In recent months, we have seen a growing initiative by nations around the world to quickly educate themselves and stay at the forefront of AI’s powerful potential. In practical terms, this represented public announcements of multi-hundred-million and even billion-dollar spending plans from several countries (Saudi Arabia, Singapore, Germany, UK, India) that will go towards supporting the AI ​​hardware ecosystem.

AI’s private sector cash burn is already sovereign-sized. The joint capital of Amazon, Meta, Google and Microsoft will be around $200 billion this year according to Bernstein Research.

These sunk costs must yield some kind of return by the time depreciation hits their income statement. Continued acceleration in investment growth depends on companies finding something the public wants to buy. Their need for income may soon become urgent, and current concepts are not encouraging.

But because political leaders care more about one-time improvements than ROIC, taxpayer-subsidized AI may continue to boom even after the corporate bubble bursts.

Barclays estimated in a recent report that if the countries of the former China matched the US’s $4 billion in AI spending, on a GDP basis, it would add another $3.5 billion:

For Nvidia, this represents barely a month’s revenue. More important is the replacement cycle.

Barclays estimates that hardware purchases will become obsolete within two years.
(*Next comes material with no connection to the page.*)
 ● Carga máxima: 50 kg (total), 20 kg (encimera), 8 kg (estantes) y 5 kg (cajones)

As AI hardware gets bigger and more expensive, aggregate annual government spending could easily exceed $25 billion very quickly:

Overall, we see AI as the most powerful enabler of technological progress as well as a major security risk as hostile countries increase capabilities, which ultimately justifies our estimated spending and gives us confidence that the numbers should increase substantially.

The US soon took the lead as their government was relatively enthusiastic about AI. The Federal Use Case Inventory was released in September, identifying more than 700 possible applications, and the Senate AI Policy Plan earlier this month proposed a $32 billion research and development budget.
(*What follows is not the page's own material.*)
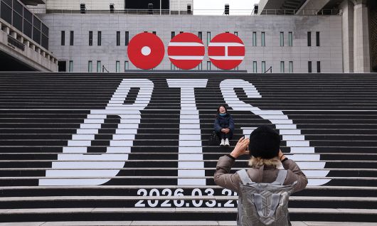 6일 서울 종로구 세종문화회관 계단에 방탄소년단(BTS)의 정규 5집 로고와 발매 일자, 팀명을 이용한 래핑이 되어 있다. 멤버들의 군 전역 후 ‘완전체’로 돌아오는 BTS의 정규 5집은 3월20일 발매된다. 남정탁 기자 ⓒ 세상을 보는 눈, 세계일보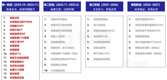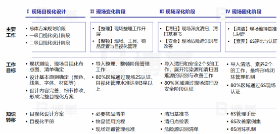 接到調研信息的時候正值國慶前兩天,接咨詢調研服務到信息的第二天博革咨詢調研團隊就開赴現場,展開為期三天的調研服務,同時為客戶制訂了精益生產咨詢方案,本方案分為三個階段四大模塊,三大階段分別是:變化階段、深化階段、固化階段,四大模塊分別是:6S目視化管理、生產布局優化、質量管理提升、生產管理提升。

Although such numbers may appear fanciful, the larger costs are far less scrutinized. The Senate plan does not include defense, which appears to account for almost all current US federal spending on AI.

A study of government procurement published by the Brookings Institution in March found that the US Department of Defense was aggressively increasing investment in artificial intelligence in 2022. The maximum potential value of the contract was just over $4 billion of last year’s $4.56 billion in AI acquisition spending. defense agency, Brookings calculates.

Senate Majority Leader Chuck Schumer said the U.S. defense budget against AI needs to increase about eightfold. The exact purpose of all these investments will remain classified information.

Countries following America’s lead will want something built in-house that is at least equivalent to OpenAI GPT-4, Barclays says. Last year’s top technology represents a “minimum starting point for nations striving to remain at the forefront of AI for both economic and security purposes.”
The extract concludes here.